Prof. Utsa Patnaik's novel 'drain theory'.

Utsa Patnaik is Professor Emeritus, Centre for Economic Studies and Planning, Jawaharlal Nehru University
In a recent newspaper article it writes-
How exactly did the British manage to diddle us and drain our wealth’? was the question that Basudev Chatterjee (later editor of a volume in the Towards Freedom project ) had posed to me 50 years ago when we were fellow-students abroad. After decades of research I find that using India’s commodity export surplus as the measure and applying an interest rate of 5%, the total drain from 1765 to 1938, compounded up to 2016, comes to £9.2 trillion; since $4.86 exchanged for £1 those days, this sum equals about $45 trillion.
Wonderful! World GDP was about one trillion when the Raj began and about 4 trillion by 1919 which was when Britain stopped making much of a profit and were breaking even in what is now India.

This Professor is telling us that the British managed to drain India of twenty times more wealth than the entire world was capable of yielding (because of Technological progress, Wealth is now a higher multiple of Income).

How did they manage it? The answer must be that India was not part of this World. It existed in a parallel dimension. Moreover, Britain did not exist entirely in this Universe. So faery Britain drained faery India of faery gold. At least, according to the sort of Economics they teach at JNU.

Let us hear more about this wonderful faery economics.
The exact mechanism of drain, or transfers from India to Britain was quite simple. The key factor was Britain’s control over our taxation revenues combined with control over India’s financial gold and forex earnings from its booming commodity export surplus with the world.
India was a poor country which yielded little tax revenue- no more than ten percent of GDP.
Its 'booming commodity exports' were not controlled by the British.

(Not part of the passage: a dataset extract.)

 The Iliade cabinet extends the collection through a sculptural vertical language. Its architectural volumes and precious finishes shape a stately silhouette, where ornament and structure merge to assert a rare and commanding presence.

How could it have been?
There was no exchange control back then. Anyone could own unlimited gold or silver or any other sort of financial instrument and use it to finance trade.  When a Gujerati Seth or a Chettiar merchant dealt in cotton or rice or opium there was no formal requirement to do so through British channels. Hawala networks were perfectly legal. Hundis were not regulated in any way. It is a different matter that some transactions were done on 'stamped paper' so as to be more easily justiciable in a British court. But the profit on this was small.
Simply put, Britain used locally raised rupee tax revenues to pay for its net import of goods, a highly abnormal use of budgetary funds not seen in any sovereign country.
India was not sovereign country. It was ruled by British Governors and Judges and Civil Servants and Soldiers. This was an 'invisible export' of Britain's. A calculation similar to Utsa Patnaik's could show that Britain increased Indian wealth by far more than it took. This is because Indian GDP and population did go up in a manner directly linked to the 'invisible' services provided by the Brits.

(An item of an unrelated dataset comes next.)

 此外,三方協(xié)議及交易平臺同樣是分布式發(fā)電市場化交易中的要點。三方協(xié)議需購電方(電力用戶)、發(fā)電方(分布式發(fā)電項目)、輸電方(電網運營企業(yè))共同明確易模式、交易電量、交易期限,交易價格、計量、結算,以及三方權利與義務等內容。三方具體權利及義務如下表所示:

Some Indians thought such services were too expensive or not fit for purpose. Mahatma Gandhi thought Indians could get on without British law courts and Colleges and so forth. He was wrong. His disciple, Sardar Vallabhai Patel went running to the British Court so as to cheat Netaji Subash Chandra Bose out of a legacy, to be used for a patriotic purpose, that Patel's elder brother had left the Bengali leader. If India did not need the Brits, why did Utsa herself go to Oxford to do her PhD? Why did the Indian Government, after Independence, still spend tax-payer's money on scholarships for people like Utsa?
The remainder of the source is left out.